:: Information supplied ::

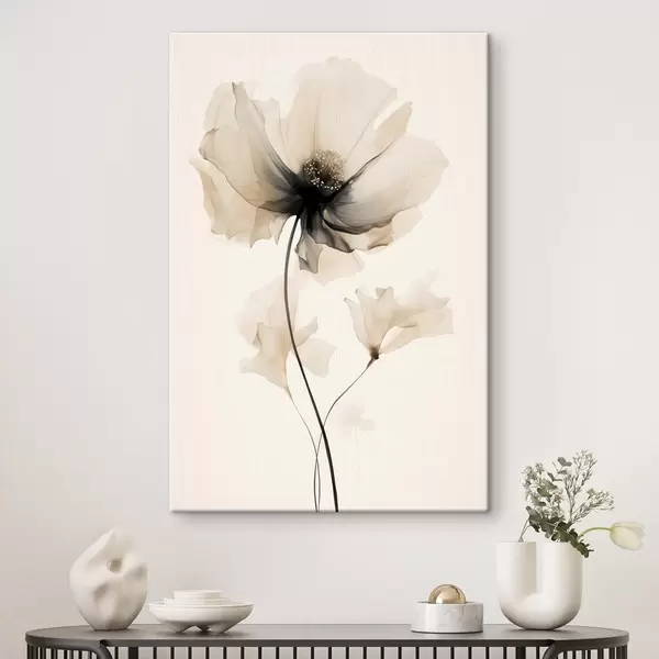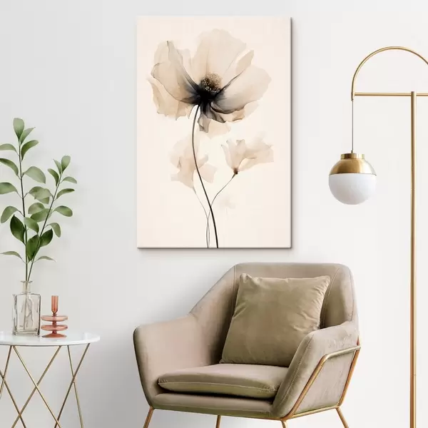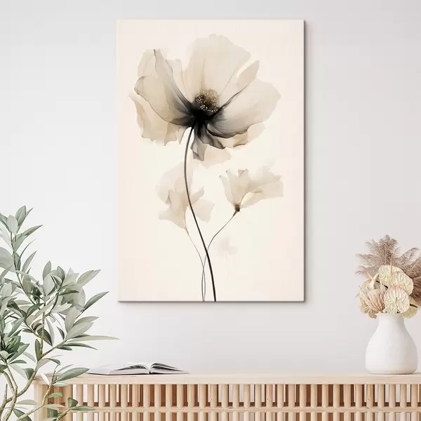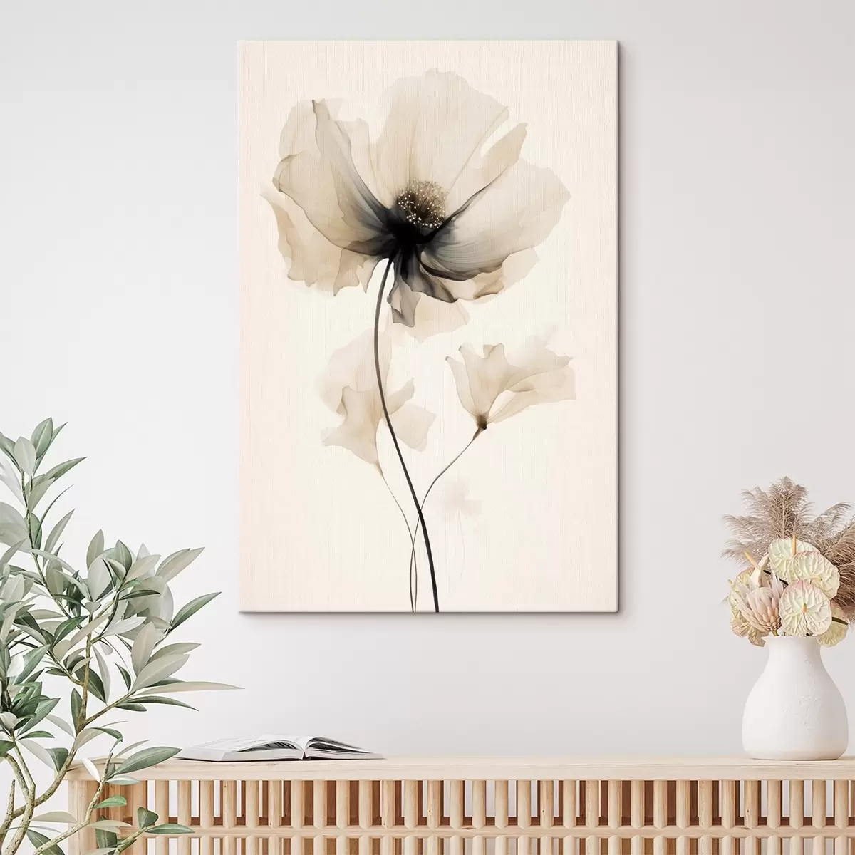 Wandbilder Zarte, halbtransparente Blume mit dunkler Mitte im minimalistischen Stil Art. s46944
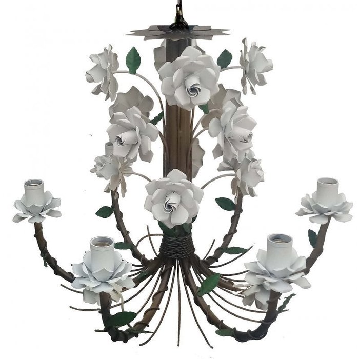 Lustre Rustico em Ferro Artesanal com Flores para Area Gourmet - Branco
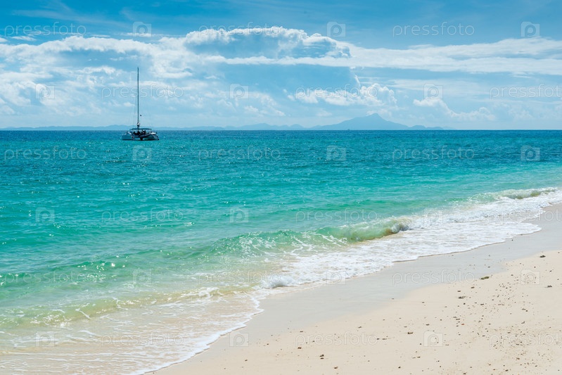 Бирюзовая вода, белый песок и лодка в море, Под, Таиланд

:::
:: Information supplied ::

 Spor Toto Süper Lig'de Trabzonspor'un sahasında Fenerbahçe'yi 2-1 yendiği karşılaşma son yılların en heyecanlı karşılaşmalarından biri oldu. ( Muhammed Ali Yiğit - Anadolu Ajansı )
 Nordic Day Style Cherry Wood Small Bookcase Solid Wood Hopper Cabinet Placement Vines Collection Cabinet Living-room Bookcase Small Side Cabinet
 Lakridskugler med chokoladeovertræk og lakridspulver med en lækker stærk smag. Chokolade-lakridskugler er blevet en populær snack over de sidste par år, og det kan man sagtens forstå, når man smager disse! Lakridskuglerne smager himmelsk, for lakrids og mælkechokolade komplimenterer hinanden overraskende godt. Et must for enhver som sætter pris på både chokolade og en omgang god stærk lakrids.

:::
:: Information supplied ::

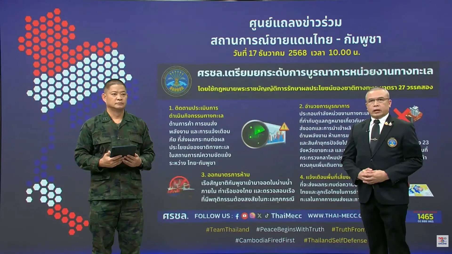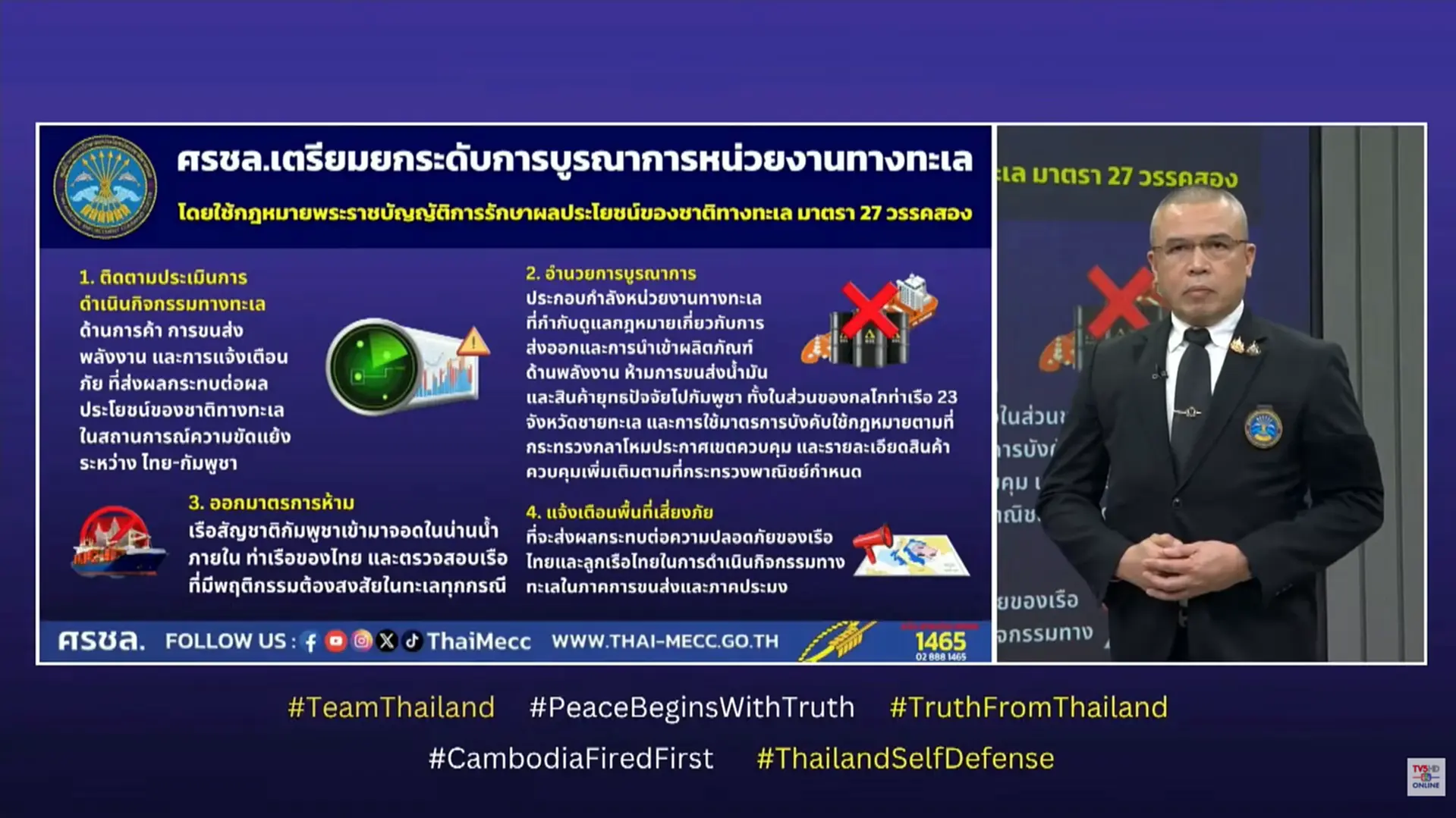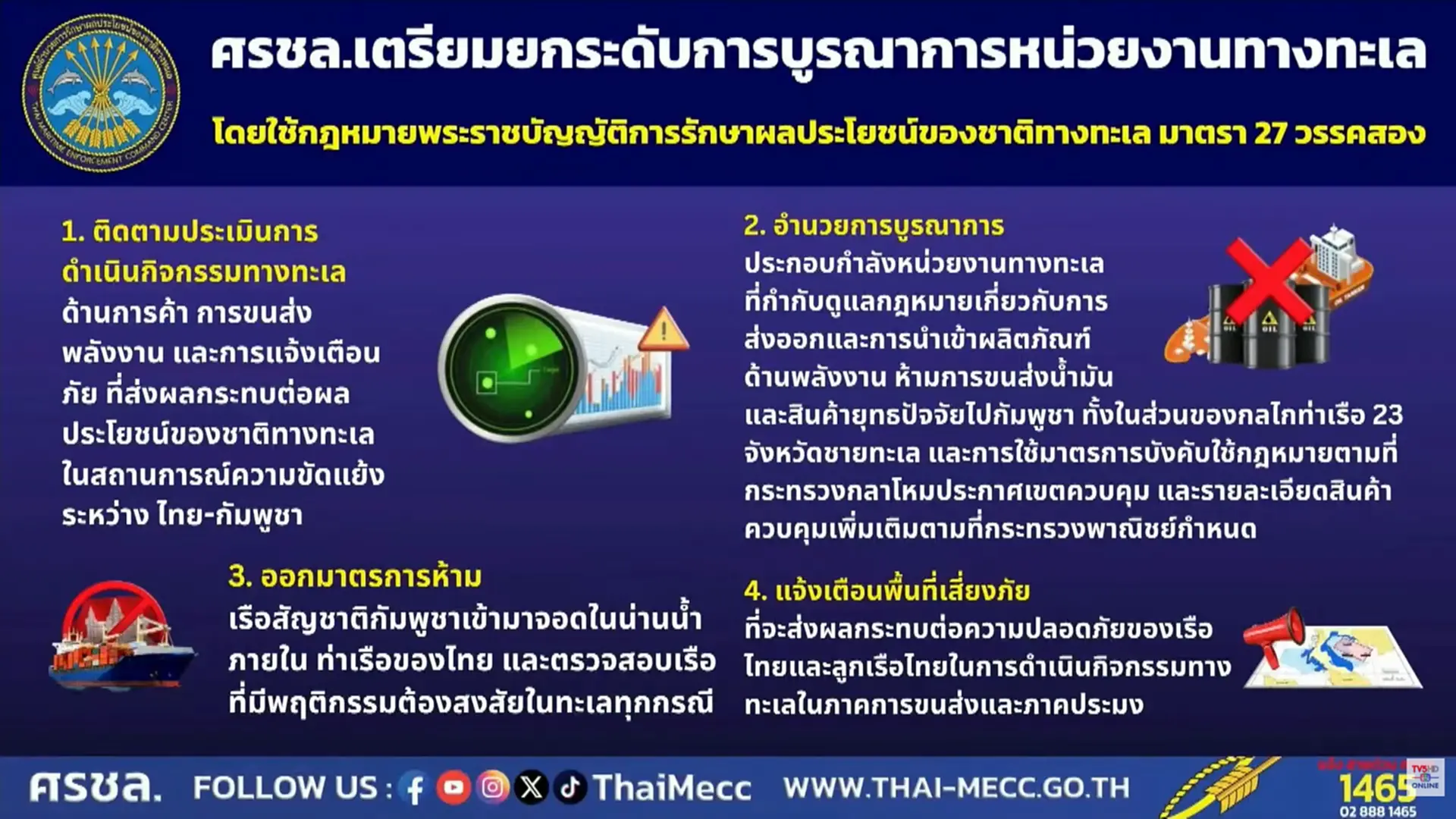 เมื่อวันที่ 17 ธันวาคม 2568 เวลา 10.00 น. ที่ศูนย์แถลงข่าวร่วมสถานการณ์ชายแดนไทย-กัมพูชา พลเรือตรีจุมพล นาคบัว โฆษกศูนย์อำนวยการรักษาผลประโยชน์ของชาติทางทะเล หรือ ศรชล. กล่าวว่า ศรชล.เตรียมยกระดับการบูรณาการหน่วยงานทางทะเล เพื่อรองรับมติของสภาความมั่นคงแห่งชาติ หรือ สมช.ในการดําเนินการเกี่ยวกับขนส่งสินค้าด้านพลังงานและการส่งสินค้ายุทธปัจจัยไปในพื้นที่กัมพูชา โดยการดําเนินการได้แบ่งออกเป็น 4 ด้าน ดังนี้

:::

Goal of the exercise>
Pictures do not belong in the answer. Return the lines above starting at the one with "Wandbilder Zarte, halbtransparente" and ending at the one with "Бирюзовая вода, белый", both kept, exactly.

Task output>
 Wandbilder Zarte, halbtransparente Blume mit dunkler Mitte im minimalistischen Stil Art. s46944
 Lustre Rustico em Ferro Artesanal com Flores para Area Gourmet - Branco
 Бирюзовая вода, белый песок и лодка в море, Под, Таиланд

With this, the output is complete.